● **EXERCISE AIM**: After locating "Trendyol Szary Velvet" in the listing below, copy that line and each one after it exactly, ending with the line that has "全市场跌幅,倒数第八,荣科牛掰!!!".

-------

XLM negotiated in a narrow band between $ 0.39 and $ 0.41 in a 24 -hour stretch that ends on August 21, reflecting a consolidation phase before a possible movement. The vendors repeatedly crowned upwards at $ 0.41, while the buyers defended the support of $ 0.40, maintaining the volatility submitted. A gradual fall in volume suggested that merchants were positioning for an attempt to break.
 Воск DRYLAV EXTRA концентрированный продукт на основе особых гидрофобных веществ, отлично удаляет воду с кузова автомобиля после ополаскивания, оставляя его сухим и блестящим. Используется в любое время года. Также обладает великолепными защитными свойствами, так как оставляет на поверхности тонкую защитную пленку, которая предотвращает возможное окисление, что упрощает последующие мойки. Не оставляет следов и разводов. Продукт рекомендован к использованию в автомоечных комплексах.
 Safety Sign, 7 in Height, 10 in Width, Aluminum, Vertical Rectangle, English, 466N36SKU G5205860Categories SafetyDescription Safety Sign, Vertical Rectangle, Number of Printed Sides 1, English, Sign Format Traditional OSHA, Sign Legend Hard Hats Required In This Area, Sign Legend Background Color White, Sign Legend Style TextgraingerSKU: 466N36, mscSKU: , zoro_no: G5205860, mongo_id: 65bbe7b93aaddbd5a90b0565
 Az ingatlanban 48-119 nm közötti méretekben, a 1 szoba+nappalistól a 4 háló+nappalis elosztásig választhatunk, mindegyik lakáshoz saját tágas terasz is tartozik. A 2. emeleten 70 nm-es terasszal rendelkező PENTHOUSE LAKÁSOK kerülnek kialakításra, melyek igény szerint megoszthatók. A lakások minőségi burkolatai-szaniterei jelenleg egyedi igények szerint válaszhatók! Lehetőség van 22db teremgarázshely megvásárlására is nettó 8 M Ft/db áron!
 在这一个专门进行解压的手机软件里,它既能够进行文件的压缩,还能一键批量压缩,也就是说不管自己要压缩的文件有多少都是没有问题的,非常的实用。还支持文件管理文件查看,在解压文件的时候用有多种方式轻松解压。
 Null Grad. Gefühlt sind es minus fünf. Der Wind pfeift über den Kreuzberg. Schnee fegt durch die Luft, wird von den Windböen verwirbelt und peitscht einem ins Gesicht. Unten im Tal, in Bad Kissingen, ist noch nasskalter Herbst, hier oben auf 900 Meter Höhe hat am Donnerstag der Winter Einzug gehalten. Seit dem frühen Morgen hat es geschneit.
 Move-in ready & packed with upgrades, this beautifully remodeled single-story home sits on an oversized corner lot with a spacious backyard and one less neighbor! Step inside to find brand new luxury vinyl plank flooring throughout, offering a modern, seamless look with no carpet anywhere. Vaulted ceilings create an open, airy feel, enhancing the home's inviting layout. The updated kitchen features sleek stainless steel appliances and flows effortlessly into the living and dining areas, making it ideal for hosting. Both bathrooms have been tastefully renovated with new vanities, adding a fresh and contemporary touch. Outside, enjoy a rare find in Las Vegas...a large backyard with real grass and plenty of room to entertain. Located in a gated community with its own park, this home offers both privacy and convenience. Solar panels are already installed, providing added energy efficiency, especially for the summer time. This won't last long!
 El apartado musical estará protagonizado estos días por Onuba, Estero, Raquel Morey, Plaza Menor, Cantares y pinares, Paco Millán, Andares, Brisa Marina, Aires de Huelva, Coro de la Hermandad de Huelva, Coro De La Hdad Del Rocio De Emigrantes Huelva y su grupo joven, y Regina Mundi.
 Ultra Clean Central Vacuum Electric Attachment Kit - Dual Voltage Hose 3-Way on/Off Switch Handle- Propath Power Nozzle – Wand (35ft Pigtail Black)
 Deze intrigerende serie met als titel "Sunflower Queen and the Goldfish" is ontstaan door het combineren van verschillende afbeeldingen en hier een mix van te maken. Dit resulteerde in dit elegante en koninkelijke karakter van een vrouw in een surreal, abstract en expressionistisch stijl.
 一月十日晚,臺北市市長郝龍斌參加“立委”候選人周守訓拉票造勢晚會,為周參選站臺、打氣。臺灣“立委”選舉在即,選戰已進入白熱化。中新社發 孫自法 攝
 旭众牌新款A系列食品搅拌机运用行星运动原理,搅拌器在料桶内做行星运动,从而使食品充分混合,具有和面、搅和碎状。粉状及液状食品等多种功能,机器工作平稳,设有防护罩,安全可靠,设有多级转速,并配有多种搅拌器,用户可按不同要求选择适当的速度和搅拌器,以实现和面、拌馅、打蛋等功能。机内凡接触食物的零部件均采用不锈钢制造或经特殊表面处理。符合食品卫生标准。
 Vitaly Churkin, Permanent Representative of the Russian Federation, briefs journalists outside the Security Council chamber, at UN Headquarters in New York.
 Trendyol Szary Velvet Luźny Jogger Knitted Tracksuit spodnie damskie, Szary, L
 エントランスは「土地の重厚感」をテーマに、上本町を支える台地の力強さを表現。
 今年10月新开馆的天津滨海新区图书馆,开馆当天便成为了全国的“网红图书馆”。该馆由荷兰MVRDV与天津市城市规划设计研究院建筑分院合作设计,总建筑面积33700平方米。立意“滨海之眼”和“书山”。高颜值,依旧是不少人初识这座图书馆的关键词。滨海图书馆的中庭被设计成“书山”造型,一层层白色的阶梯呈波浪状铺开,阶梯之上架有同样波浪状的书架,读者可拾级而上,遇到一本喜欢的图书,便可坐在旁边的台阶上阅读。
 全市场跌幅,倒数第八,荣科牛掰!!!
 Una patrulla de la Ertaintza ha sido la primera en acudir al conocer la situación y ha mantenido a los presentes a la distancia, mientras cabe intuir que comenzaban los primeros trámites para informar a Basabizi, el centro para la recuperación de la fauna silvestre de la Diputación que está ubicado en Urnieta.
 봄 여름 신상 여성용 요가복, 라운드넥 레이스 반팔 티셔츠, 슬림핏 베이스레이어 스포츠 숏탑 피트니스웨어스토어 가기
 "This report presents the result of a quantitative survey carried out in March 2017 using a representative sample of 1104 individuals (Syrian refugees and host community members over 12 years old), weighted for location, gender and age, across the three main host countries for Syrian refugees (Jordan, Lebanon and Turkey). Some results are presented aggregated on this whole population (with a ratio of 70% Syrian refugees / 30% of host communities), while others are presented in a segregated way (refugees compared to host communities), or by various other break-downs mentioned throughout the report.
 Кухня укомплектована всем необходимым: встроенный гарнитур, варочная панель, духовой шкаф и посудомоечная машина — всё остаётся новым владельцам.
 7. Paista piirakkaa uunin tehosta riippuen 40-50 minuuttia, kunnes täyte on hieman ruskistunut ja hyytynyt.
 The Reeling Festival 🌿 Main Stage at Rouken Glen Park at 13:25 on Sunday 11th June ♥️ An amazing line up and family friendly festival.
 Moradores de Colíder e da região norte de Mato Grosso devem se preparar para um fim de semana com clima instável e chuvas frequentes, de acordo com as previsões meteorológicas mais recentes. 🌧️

-------

● **THE ANSWER**:
 Trendyol Szary Velvet Luźny Jogger Knitted Tracksuit spodnie damskie, Szary, L
 エントランスは「土地の重厚感」をテーマに、上本町を支える台地の力強さを表現。
 今年10月新开馆的天津滨海新区图书馆,开馆当天便成为了全国的“网红图书馆”。该馆由荷兰MVRDV与天津市城市规划设计研究院建筑分院合作设计,总建筑面积33700平方米。立意“滨海之眼”和“书山”。高颜值,依旧是不少人初识这座图书馆的关键词。滨海图书馆的中庭被设计成“书山”造型,一层层白色的阶梯呈波浪状铺开,阶梯之上架有同样波浪状的书架,读者可拾级而上,遇到一本喜欢的图书,便可坐在旁边的台阶上阅读。
 全市场跌幅,倒数第八,荣科牛掰!!!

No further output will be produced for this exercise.